Republicans keep harping on former President Bill Clinton’s misbehavior while he was in the White House. They use that historical context to “defend” the actions of one currently prominent GOP politician, U.S. Senate candidate Roy Moore of Alabama, who’s been accused of sexual abuse involving underage girls.

These Republicans, some of whom are friends of mine — and even a family member — wonder why President Clinton got a pass when he was messing around with Monica Lewinsky, a young White House intern in the late 1990s.

I must remind them: President Clinton got impeached. The House of Representatives — led by its GOP majority — impeached the president because he lied under oath to a federal grand jury that was snooping around, looking for something to stick to the president. The special counsel, Kenneth Starr, uncovered the Clinton-Lewinsky relationship, summoned the president to testify to the grand jury, asked him whether he had an sexual relationship with Lewinsky.

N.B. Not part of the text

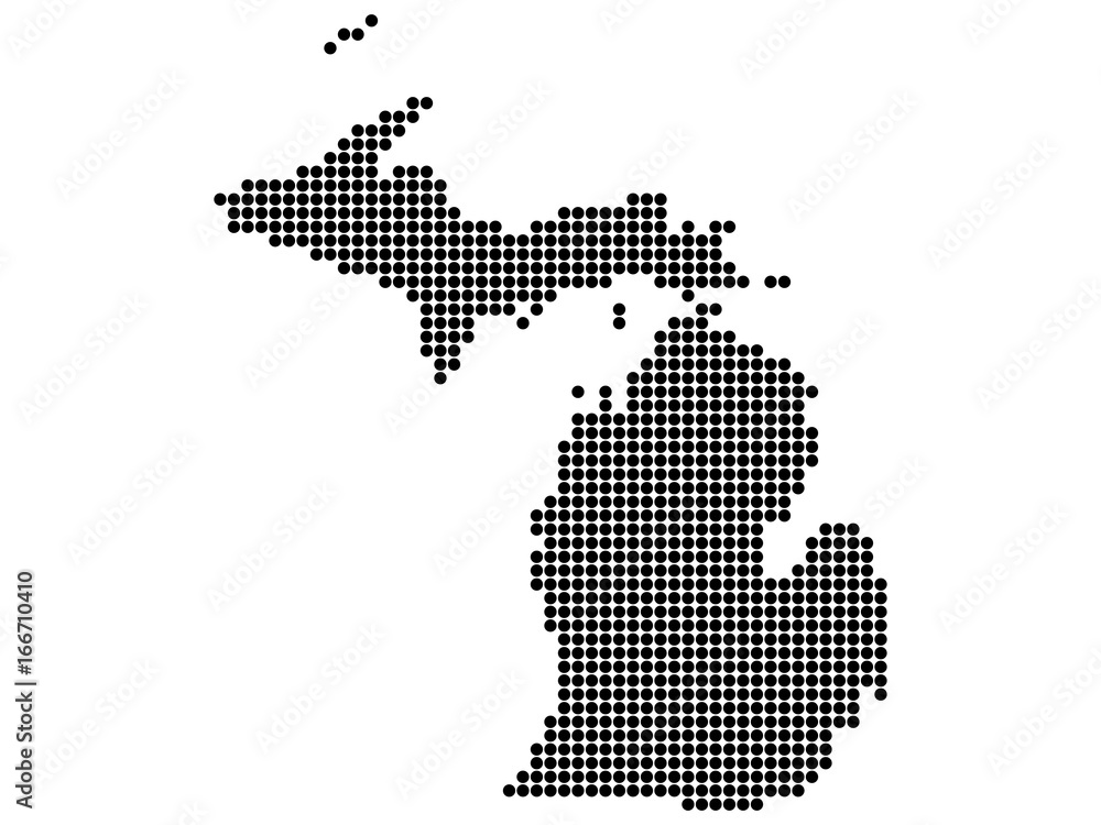 Map of Michigan state print. White background, black dots. Vector

Clinton said “no.” That was untrue. Thus, the House had its grounds for impeachment: perjury. The president was humiliated. His wife became, shall we say, quite angry with him.

Did the president get off scot-free? Hardly. He paid a huge political price in the moment.

The U.S. Senate put him on trial. Senators acquitted him. Thus, the president was allowed to serve out the remainder of his second term in office.

Yes, there were other allegations. Clinton did settle with one of the accusers. He was stripped of his law license in Arkansas.

There’s no doubt that the former president has reclaimed his political standing. Time does have a way of putting some matters into different contexts.

However, the notion that Bill Clinton did not pay a price for his misbehavior is a canard those who still despise him are using to divert attention from the issue of the moment, which involves the conduct of the current crop of high-powered men.

Kenneth Starr: The King of Irony

Leave it to Kenneth Starr to make one of the more ironic declarations about the unfolding investigation into Donald J. Trump’s alleged involvement with Russian election hackers.

Starr has cautioned special counsel Robert Mueller to avoid going onto a “fishing expedition” in his search for the truth behind whether Trump’s presidential campaign had any improper dealings with Russians seeking to meddle in our 2016 election.

Mueller needs to keep his mission focused, Starr said. He shouldn’t allow it to wander onto unplowed ground.

Well now. How does one respond to that?

Let’s try this.

Kenneth Starr became a master judicial fisherman in the 1990s when he was selected as special counsel to investigate a real estate deal called Whitewater involving President and Mrs. Clinton. He came up with nothing there. Then he sauntered off into a sexual harassment charge leveled against the president by Paula Jones. Then he found something else, which was a relationship the president was having with a White House intern.

Real estate deal leads to sexual harassment, which then leads to a sexual relationship. Impeachment followed all of that.

Is the current special counsel headed down the same path? I haven’t a clue.

Kenneth Starr, though, proved to us all that these investigations can hit pay dirt even as they wander hither and yon.

The comic aspect of this whole discussion is that someone such as Starr would issue a word of caution for one of his legal descendants about a “fishing expedition.”